Start of Data for this task

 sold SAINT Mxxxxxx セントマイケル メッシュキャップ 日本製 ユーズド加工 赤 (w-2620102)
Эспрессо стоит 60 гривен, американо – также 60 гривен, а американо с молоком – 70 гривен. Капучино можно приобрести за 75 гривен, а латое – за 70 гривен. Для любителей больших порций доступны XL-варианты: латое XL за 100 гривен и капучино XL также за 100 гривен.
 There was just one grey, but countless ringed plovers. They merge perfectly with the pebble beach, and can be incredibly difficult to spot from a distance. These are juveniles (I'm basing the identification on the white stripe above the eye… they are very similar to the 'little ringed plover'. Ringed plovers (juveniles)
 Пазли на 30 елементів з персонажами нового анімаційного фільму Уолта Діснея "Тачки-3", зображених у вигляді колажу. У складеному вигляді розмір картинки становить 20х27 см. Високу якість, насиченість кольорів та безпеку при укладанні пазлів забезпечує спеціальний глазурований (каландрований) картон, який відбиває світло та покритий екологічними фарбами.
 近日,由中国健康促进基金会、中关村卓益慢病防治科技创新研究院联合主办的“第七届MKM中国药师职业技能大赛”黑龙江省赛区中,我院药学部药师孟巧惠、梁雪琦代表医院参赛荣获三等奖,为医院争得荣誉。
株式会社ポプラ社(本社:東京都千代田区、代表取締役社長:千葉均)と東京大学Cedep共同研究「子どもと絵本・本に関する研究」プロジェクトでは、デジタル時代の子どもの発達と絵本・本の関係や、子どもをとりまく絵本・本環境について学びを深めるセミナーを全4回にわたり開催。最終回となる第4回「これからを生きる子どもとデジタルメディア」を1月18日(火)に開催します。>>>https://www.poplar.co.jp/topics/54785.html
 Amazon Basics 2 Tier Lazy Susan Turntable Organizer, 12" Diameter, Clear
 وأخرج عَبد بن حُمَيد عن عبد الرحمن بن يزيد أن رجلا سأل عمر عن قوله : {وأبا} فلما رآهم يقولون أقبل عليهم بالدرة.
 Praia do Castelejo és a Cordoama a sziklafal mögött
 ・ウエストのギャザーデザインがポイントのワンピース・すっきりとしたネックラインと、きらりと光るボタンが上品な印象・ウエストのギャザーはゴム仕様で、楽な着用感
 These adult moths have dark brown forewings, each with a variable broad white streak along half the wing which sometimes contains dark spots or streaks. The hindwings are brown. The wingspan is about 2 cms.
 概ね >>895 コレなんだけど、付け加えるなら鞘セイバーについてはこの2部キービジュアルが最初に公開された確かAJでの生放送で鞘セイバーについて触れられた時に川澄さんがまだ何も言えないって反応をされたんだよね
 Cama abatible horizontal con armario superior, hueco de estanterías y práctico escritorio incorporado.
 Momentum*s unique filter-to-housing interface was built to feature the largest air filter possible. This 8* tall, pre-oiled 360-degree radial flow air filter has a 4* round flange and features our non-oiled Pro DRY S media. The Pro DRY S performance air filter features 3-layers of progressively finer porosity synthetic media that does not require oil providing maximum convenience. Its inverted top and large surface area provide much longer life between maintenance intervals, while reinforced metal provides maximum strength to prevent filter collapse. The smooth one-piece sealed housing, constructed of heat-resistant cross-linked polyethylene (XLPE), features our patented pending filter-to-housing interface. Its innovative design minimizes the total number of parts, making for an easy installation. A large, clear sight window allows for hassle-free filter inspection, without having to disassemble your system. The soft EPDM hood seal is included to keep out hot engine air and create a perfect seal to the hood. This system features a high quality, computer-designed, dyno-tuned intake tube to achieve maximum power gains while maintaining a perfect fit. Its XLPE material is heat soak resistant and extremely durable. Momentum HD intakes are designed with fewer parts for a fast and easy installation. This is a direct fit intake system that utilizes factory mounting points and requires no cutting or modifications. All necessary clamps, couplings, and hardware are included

End of Data for this task

### What you are asked to do
Reproduce the records above line by line, without any change, up to and including the line that holds "Praia do Castelejo".

### Result of this exercise
 sold SAINT Mxxxxxx セントマイケル メッシュキャップ 日本製 ユーズド加工 赤 (w-2620102)
Эспрессо стоит 60 гривен, американо – также 60 гривен, а американо с молоком – 70 гривен. Капучино можно приобрести за 75 гривен, а латое – за 70 гривен. Для любителей больших порций доступны XL-варианты: латое XL за 100 гривен и капучино XL также за 100 гривен.
 There was just one grey, but countless ringed plovers. They merge perfectly with the pebble beach, and can be incredibly difficult to spot from a distance. These are juveniles (I'm basing the identification on the white stripe above the eye… they are very similar to the 'little ringed plover'. Ringed plovers (juveniles)
 Пазли на 30 елементів з персонажами нового анімаційного фільму Уолта Діснея "Тачки-3", зображених у вигляді колажу. У складеному вигляді розмір картинки становить 20х27 см. Високу якість, насиченість кольорів та безпеку при укладанні пазлів забезпечує спеціальний глазурований (каландрований) картон, який відбиває світло та покритий екологічними фарбами.
 近日,由中国健康促进基金会、中关村卓益慢病防治科技创新研究院联合主办的“第七届MKM中国药师职业技能大赛”黑龙江省赛区中,我院药学部药师孟巧惠、梁雪琦代表医院参赛荣获三等奖,为医院争得荣誉。
株式会社ポプラ社(本社:東京都千代田区、代表取締役社長:千葉均)と東京大学Cedep共同研究「子どもと絵本・本に関する研究」プロジェクトでは、デジタル時代の子どもの発達と絵本・本の関係や、子どもをとりまく絵本・本環境について学びを深めるセミナーを全4回にわたり開催。最終回となる第4回「これからを生きる子どもとデジタルメディア」を1月18日(火)に開催します。>>>https://www.poplar.co.jp/topics/54785.html
 Amazon Basics 2 Tier Lazy Susan Turntable Organizer, 12" Diameter, Clear
 وأخرج عَبد بن حُمَيد عن عبد الرحمن بن يزيد أن رجلا سأل عمر عن قوله : {وأبا} فلما رآهم يقولون أقبل عليهم بالدرة.
 Praia do Castelejo és a Cordoama a sziklafal mögött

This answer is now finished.